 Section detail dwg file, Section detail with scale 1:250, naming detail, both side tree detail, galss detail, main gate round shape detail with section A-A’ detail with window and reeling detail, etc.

····················

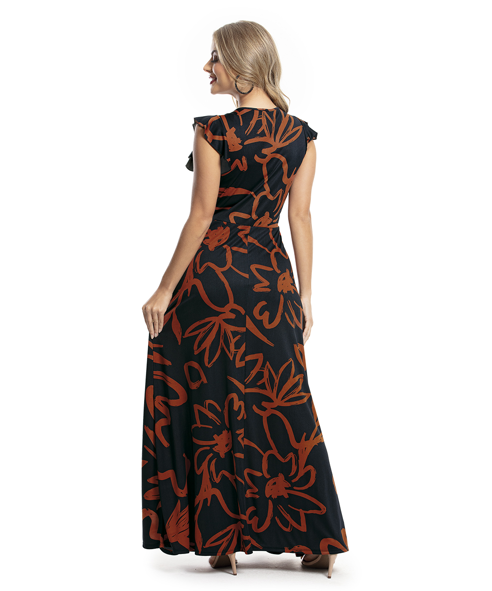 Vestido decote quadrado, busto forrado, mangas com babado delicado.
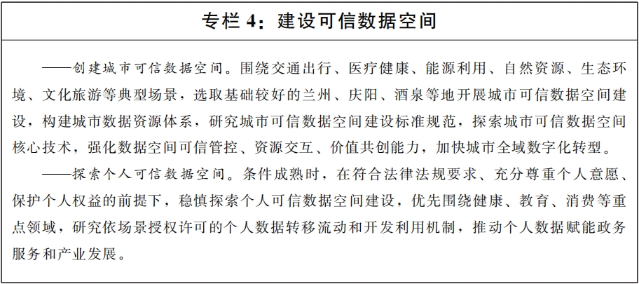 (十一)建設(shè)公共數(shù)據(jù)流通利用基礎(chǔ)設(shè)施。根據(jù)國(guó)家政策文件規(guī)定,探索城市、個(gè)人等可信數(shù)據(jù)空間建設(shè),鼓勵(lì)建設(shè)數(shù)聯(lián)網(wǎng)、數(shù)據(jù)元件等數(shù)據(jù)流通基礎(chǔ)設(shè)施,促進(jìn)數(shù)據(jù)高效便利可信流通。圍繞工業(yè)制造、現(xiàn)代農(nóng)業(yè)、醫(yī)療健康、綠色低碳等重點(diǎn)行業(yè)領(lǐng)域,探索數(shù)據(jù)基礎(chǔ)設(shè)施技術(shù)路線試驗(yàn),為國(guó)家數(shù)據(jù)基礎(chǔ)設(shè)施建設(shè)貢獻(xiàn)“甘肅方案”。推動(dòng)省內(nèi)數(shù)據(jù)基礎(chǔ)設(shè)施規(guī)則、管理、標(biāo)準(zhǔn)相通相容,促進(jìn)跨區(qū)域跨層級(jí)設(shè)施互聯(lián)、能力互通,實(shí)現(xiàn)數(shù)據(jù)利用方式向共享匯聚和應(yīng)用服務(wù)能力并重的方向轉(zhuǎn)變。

····················

Give again the stretch of the entries above that begins at the line with "Vestido decote quadrado, busto" and ends at the line with "(十一)建設(shè)公共數", word for word, with no pictures.

» Expected answer:
 Vestido decote quadrado, busto forrado, mangas com babado delicado.
 (十一)建設(shè)公共數(shù)據(jù)流通利用基礎(chǔ)設(shè)施。根據(jù)國(guó)家政策文件規(guī)定,探索城市、個(gè)人等可信數(shù)據(jù)空間建設(shè),鼓勵(lì)建設(shè)數(shù)聯(lián)網(wǎng)、數(shù)據(jù)元件等數(shù)據(jù)流通基礎(chǔ)設(shè)施,促進(jìn)數(shù)據(jù)高效便利可信流通。圍繞工業(yè)制造、現(xiàn)代農(nóng)業(yè)、醫(yī)療健康、綠色低碳等重點(diǎn)行業(yè)領(lǐng)域,探索數(shù)據(jù)基礎(chǔ)設(shè)施技術(shù)路線試驗(yàn),為國(guó)家數(shù)據(jù)基礎(chǔ)設(shè)施建設(shè)貢獻(xiàn)“甘肅方案”。推動(dòng)省內(nèi)數(shù)據(jù)基礎(chǔ)設(shè)施規(guī)則、管理、標(biāo)準(zhǔn)相通相容,促進(jìn)跨區(qū)域跨層級(jí)設(shè)施互聯(lián)、能力互通,實(shí)現(xiàn)數(shù)據(jù)利用方式向共享匯聚和應(yīng)用服務(wù)能力并重的方向轉(zhuǎn)變。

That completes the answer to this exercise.